[[ GIVEN MATERIAL open ]]
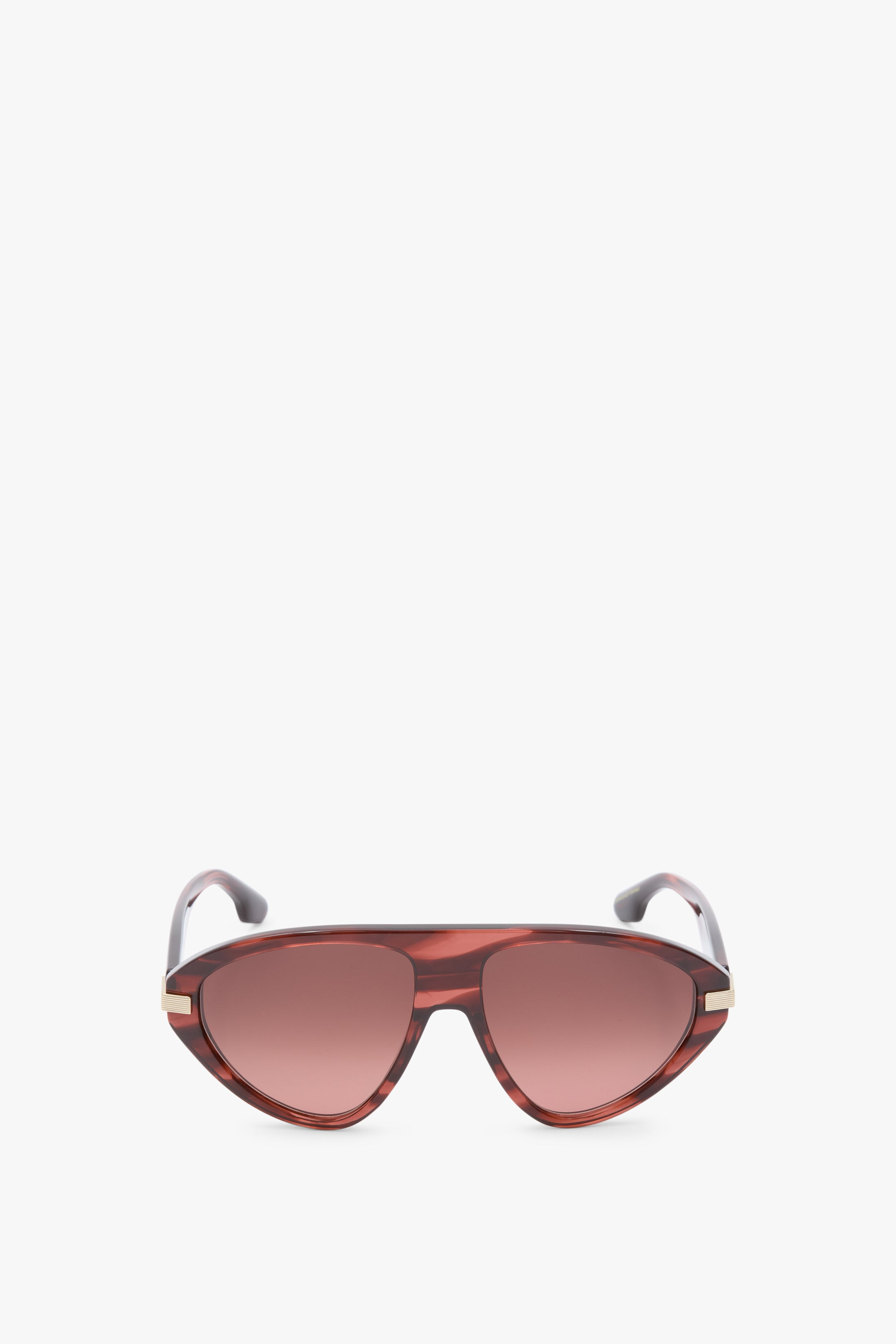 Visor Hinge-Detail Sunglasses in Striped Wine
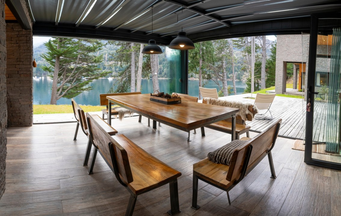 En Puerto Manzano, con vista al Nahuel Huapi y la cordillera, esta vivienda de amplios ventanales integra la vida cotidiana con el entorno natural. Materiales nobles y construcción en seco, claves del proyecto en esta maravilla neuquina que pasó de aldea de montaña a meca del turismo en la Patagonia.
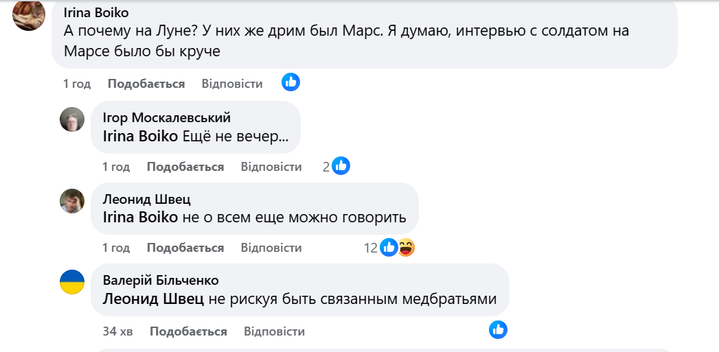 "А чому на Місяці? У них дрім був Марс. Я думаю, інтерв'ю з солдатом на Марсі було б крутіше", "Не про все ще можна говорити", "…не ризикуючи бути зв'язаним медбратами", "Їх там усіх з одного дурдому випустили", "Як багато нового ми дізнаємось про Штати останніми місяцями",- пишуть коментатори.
[[ GIVEN MATERIAL closed ]]
* EXERCISE OBJECTIVE: Leave out the pictures and repeat the lines from the start of the material through the line with "En Puerto Manzano, con", inclusive.

* PROBLEM SOLUTION:
 Visor Hinge-Detail Sunglasses in Striped Wine
 En Puerto Manzano, con vista al Nahuel Huapi y la cordillera, esta vivienda de amplios ventanales integra la vida cotidiana con el entorno natural. Materiales nobles y construcción en seco, claves del proyecto en esta maravilla neuquina que pasó de aldea de montaña a meca del turismo en la Patagonia.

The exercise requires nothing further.